Let's start with some, you know, ambient noise if that's what they heard in the NICU or move into soft white noise, move into maybe rain sounds, making sure that it's not overstimulating to them, but more on the relaxing side. And then as far as feeding to sleep, go ahead and feed to sleep. It's not anything that you can't get back from when it's time to move to move past it, if you want to move past it. ⁓ But there's great resources out there, you know, get your, get a team together, ask your local, you know, NICU
Nurses and say, hey, who do you know?

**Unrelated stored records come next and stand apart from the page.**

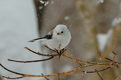 シマエナガはアイヌ語で「ウパシチリ」という雪鳥の意味があり、雪の妖精の愛称を持つ。世界中に分布するエナガの一種だが、その名の通り真っ白い毛で覆われているのは北海道に生息するもののみだ。特に山本さんが魅力を感じているのは、見た目の愛らしさからは想像できないキャラクターだ。
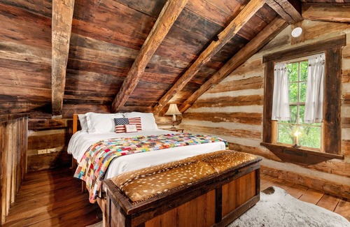 Coco’s Cabin is a 2 story log cabin built in the 1850’s and completely restored, it is a 1 bedroom loft with kitchenette and full bathroom with copper bathtub and walk-in shower. The living room is furnished with beautiful leather furniture, grand fireplace (we provide one firelog per each night stay) blankets and 38inch tv.
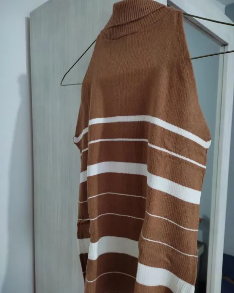 Blusa a rayas. Blusa café con líneas blancas de cuello de tortuga y sin mangas
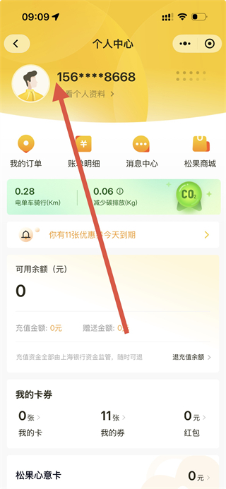 1、在松果出行首頁(yè),點(diǎn)擊左上角頭像區(qū)域,進(jìn)入個(gè)人中心界面。
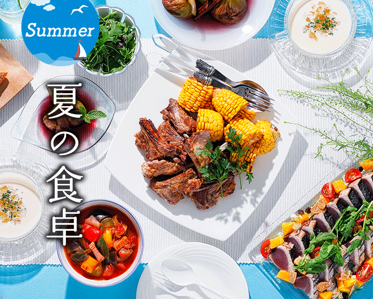 お肉料理がテーブルのセンターにど〜んとあると、華がありますよね。夏なら豪快に骨つき肉がおすすめ。手でそのまま持ってかぶりつけば、大人も子供も思わず笑顔に。前日からタレに漬け込んでおけば、当日はヘルシオにおまかせでできるのも、うれしいポイントですね。
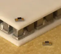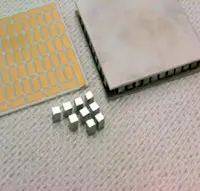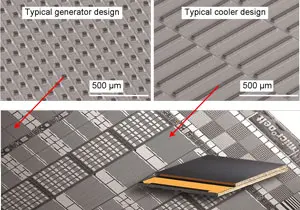 Figure 6 illustrates the size ratio of the smallest produced thin film TE cooler, featuring a cold side area well below 1 mm2, versus a legacy thermoelectric Peltier cooler: the thin film cooler easily fits on a single leg of the legacy bulk TEC. Across its effective leg height of as little as 36 µm the sputtered thermoelectric structure can establish an effective temperature difference of more than 60 K down from a hot side of 85°C. The same gradient across a 0.5 mm high TE leg would, theoretically, result in a ΔT of 850K. Theoretically, as 80% of the temperature difference of a legacy TEC is achieved along less than 5% of its respective height.
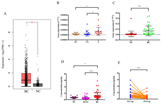 CAMP mRNA and cathelicidin antimicrobial peptide is upregulated in breast cancer. (A) CAMP expression data in normal controls and breast cancer tumor tissues from The Cancer Genome Atlas (TCGA) database; (B) CAMP mRNA expressions in normal controls, breast cancer patients’ tumor tissues and tumor adjacent normal tissues; (C) CAMP mRNA expression in normal controls and breast cancer patients’ plasma; (D) serum concentration of peptide LL-37 in normal controls, DCIS, and breast cancer patients; (E) serum LL-37 levels of pre-/post-operation breast cancer patients. * p < 0.05, ** p < 0.01, *** p < 0.001 indicates statistically different. (NC: normal control; BC: breast cancer; TN: tumor adjacent normal tissue; T: breast cancer tissue).
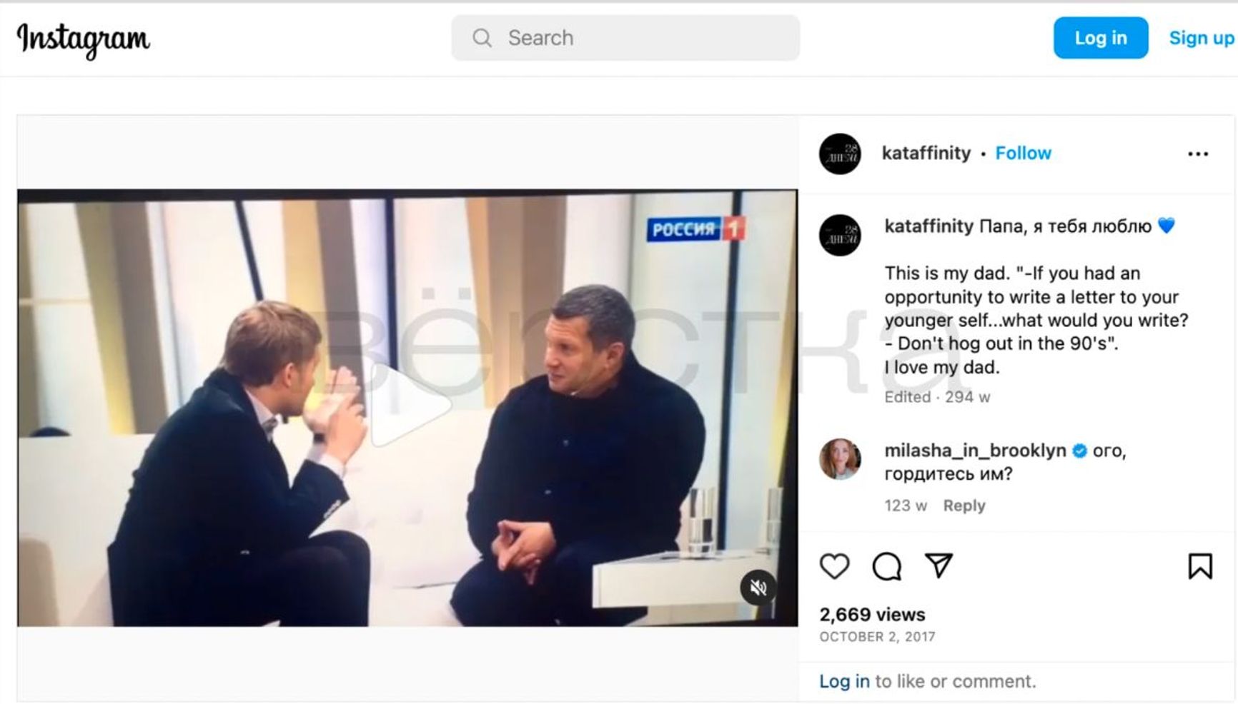 The 32-year-old daughter of Russian propagandist Vladimir Solovyov, American-born Ekaterina Solovyova, from his second marriage, lives in Moscow, openly criticizes Russia's invasion of Ukraine on social media and directs feminist plays, according to a report by independent media outlet Verstka. Solovyov’s daughter has not been publicly reported on before; earlier in May, Alexei Navalny’s Anti-Corruption Foundaton (ACF) released an investigation into another secret family of Solovyov's – one with two children by basketball player Svetlana Abrosimova.
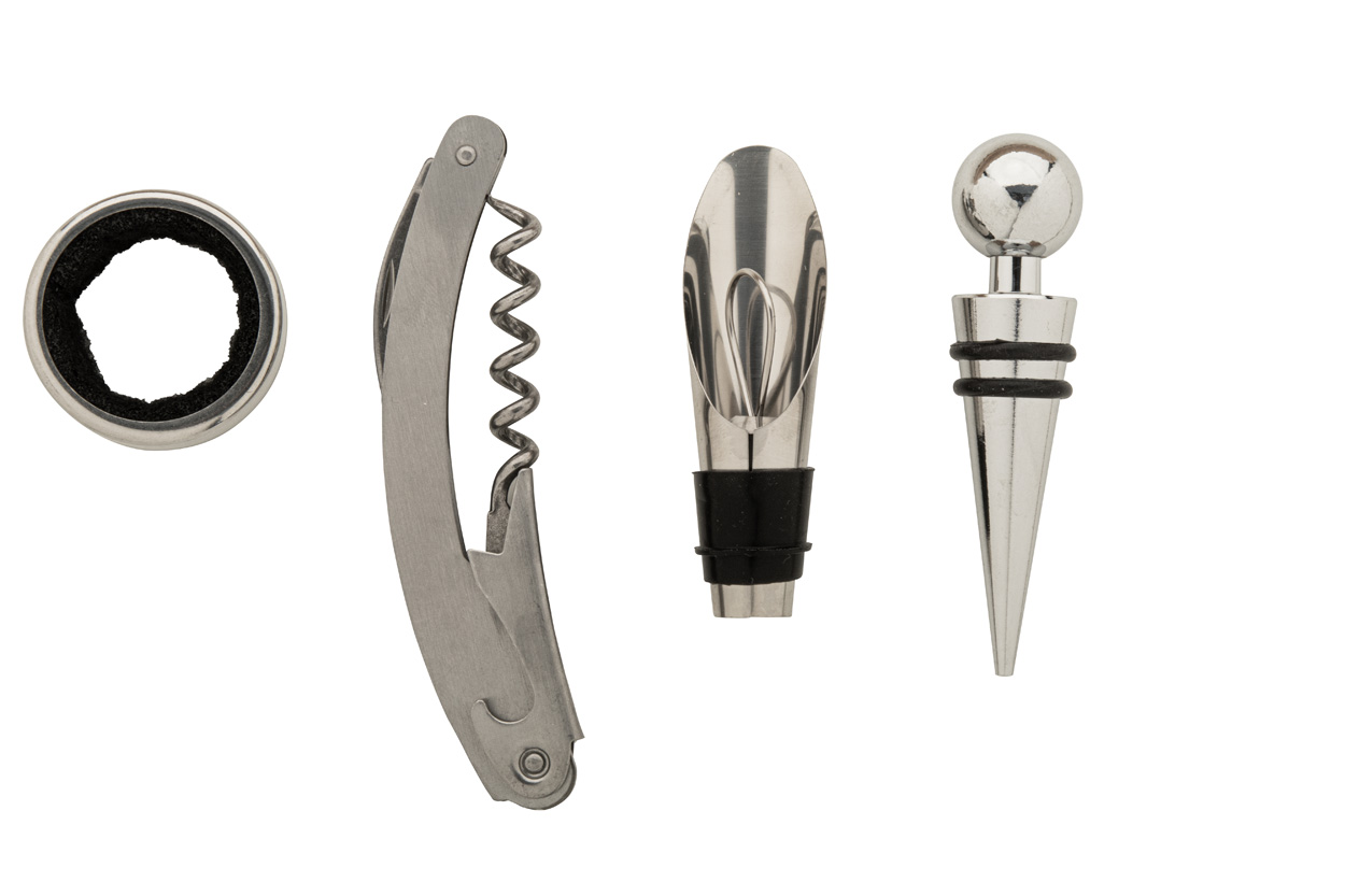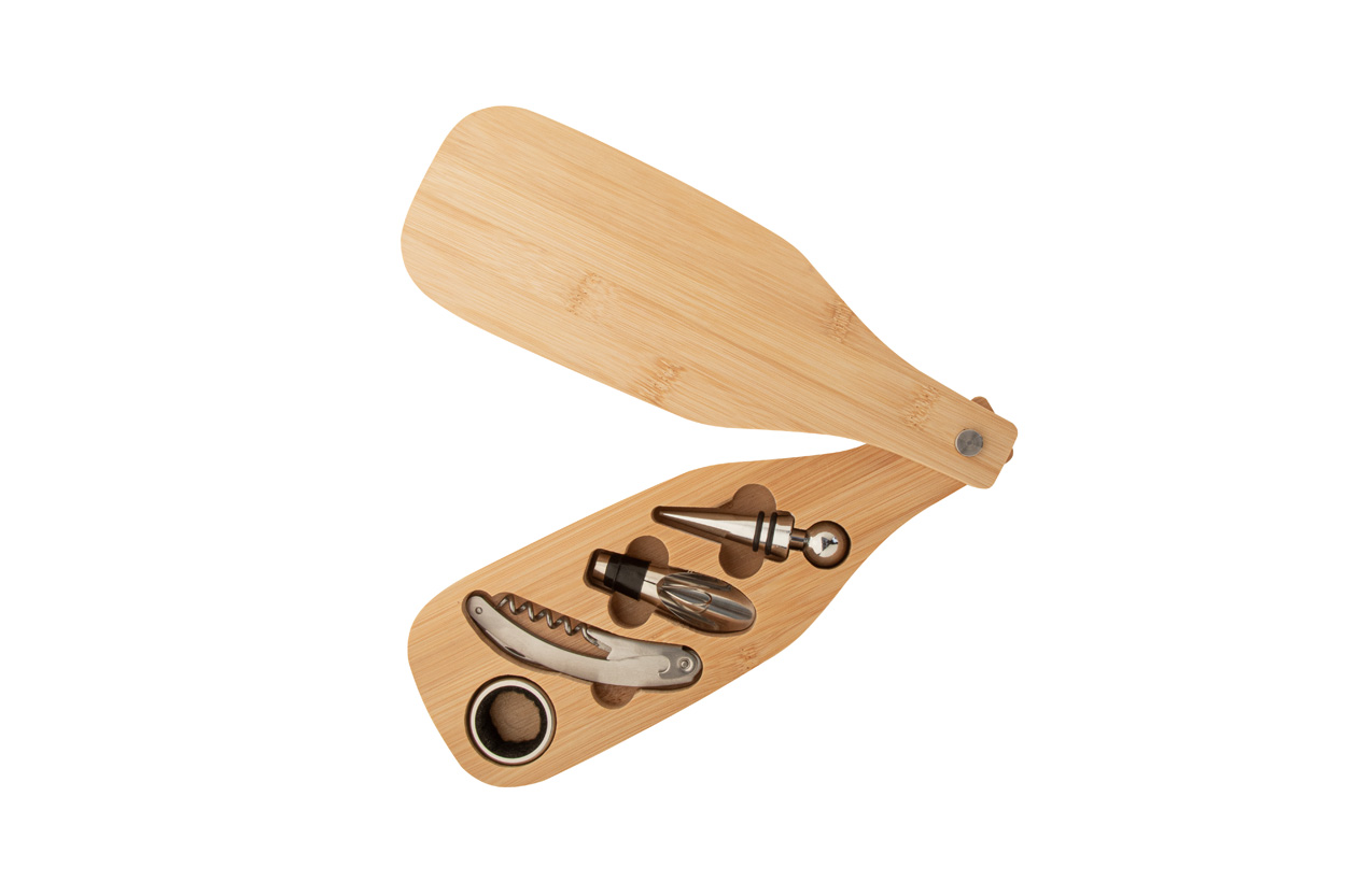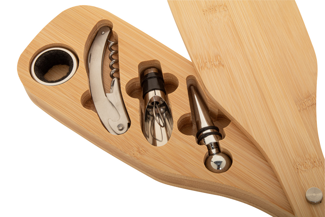 Weinset aus Edelstahl in einer flaschenförmigen Bambusbox, beinhaltet Korkenzieher, Tropfenstopper, Düse und Stopfen.

Do you know anybody that I can reach out to when it comes to sleep after here? ⁓ Because part of it is you want to click with the person that you're working with. So get a little village, a little resource of saying, OK, this is who I can contact when it comes to sleep. And make sure that they understand pre-sleep a little bit before you jump into anything. Ask those types of questions. You have every right. And you want to be comfortable with whatever decisions you make after you don't have doctors and nurses kind of guiding you, you know?
Mary Farrelly (49:39)
Mm-hmm.
Yep. That is one of those gaps that I see NICU Doulas stepping into too, especially those that are doing in-home support in those early-based homes, is having someone who can be your cheerleader as you step into this next year.
Jamie (50:05)
Yeah.
Right. Yeah, because you always
think you're doing everything wrong. Just in general. And then, you know, they're released from the NICU and then you're like, I have to get it right or something's going to go off the rails. And so to have somebody be like, you're OK. Somebody who knows what they're doing, a doula who, you know, specializes in NICU babies. OK, it's like that allows for parents to just get an extra hour of sleep if they need to get an hour of sleep or, you know, and that and that in turn.
Sleep is underrated and that in turn allows you to be more present, more alert, happier, right? If you're already anxious and you're not sleeping, well, it's just gonna get, do you know what I mean? Like it's not gonna get good, right? So, you know, having somebody like that would be, amazing. Get some sleep, refresh, get back in the game when you're awake, you know? Yeah. And am.
Mary Farrelly (50:50)
It doesn't
Yep, and the NICU's only beginning and you're doing a great job. We're
all doing a great job. Older kids and doing all the things. So thank you so much for being with us today, Jamie and hopefully we'll talk again soon.
Jamie (51:07)
Yes we are!
Yes. Thank you, Mary.
Yes, I appreciate it. Thank you so much.